(Information provided)
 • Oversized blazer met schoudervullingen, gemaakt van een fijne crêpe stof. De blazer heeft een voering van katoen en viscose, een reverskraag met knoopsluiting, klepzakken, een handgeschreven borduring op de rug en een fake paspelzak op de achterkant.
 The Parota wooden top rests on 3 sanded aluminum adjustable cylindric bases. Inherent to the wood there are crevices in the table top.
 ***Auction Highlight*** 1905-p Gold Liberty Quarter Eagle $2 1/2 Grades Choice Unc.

...

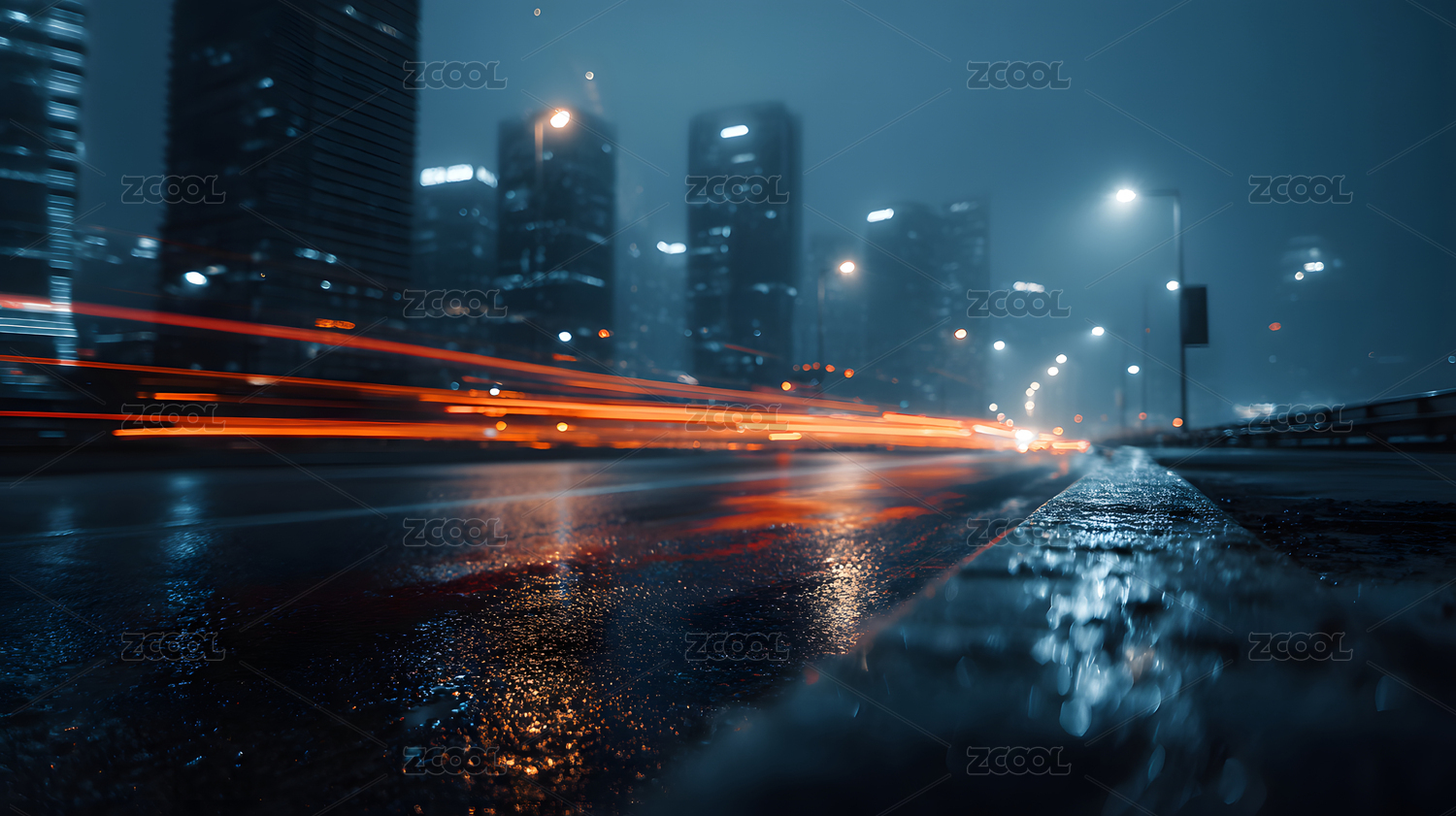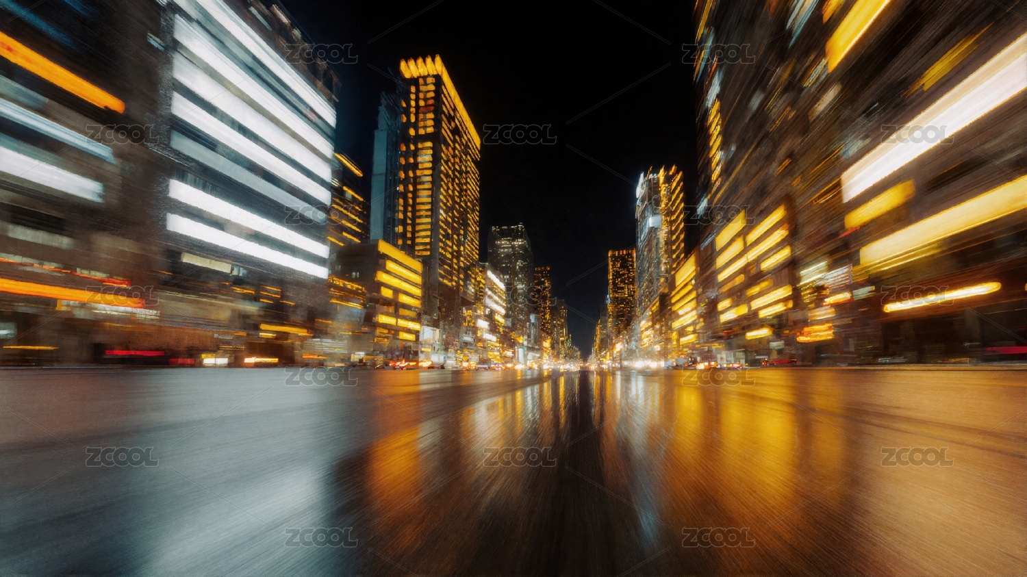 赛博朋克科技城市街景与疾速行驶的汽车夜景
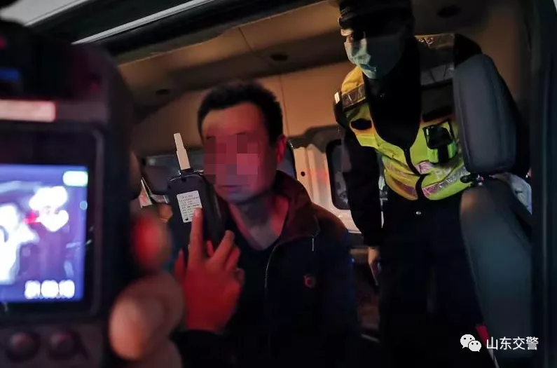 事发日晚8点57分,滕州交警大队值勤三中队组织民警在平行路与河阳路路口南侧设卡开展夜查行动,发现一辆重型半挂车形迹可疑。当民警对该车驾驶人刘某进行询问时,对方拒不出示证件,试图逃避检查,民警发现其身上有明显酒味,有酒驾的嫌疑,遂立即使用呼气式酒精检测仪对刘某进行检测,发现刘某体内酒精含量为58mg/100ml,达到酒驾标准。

* * *

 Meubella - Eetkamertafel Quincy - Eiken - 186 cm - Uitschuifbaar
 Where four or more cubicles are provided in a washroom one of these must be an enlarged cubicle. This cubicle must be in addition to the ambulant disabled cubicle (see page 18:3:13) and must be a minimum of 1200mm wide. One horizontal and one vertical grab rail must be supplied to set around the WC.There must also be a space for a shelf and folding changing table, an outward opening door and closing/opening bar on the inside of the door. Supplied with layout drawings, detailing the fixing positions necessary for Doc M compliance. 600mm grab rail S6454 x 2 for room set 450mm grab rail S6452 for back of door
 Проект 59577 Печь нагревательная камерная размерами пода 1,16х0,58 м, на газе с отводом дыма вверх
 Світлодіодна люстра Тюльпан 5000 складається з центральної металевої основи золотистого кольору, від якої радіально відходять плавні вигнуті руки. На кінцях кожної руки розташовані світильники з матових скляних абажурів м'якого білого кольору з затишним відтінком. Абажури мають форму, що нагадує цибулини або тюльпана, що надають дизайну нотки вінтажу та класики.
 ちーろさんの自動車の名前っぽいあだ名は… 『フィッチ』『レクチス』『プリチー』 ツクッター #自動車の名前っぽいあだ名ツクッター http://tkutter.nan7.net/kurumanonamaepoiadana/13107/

(Task to carry out) From the data above, retype only the lines starting with the line with "赛博朋克科技城市街景与疾速行驶的汽车夜景" and going on through the line with "事发日晚8点57分,滕州交警", exactly, leaving out the pictures.

(Task answer)
 赛博朋克科技城市街景与疾速行驶的汽车夜景
 事发日晚8点57分,滕州交警大队值勤三中队组织民警在平行路与河阳路路口南侧设卡开展夜查行动,发现一辆重型半挂车形迹可疑。当民警对该车驾驶人刘某进行询问时,对方拒不出示证件,试图逃避检查,民警发现其身上有明显酒味,有酒驾的嫌疑,遂立即使用呼气式酒精检测仪对刘某进行检测,发现刘某体内酒精含量为58mg/100ml,达到酒驾标准。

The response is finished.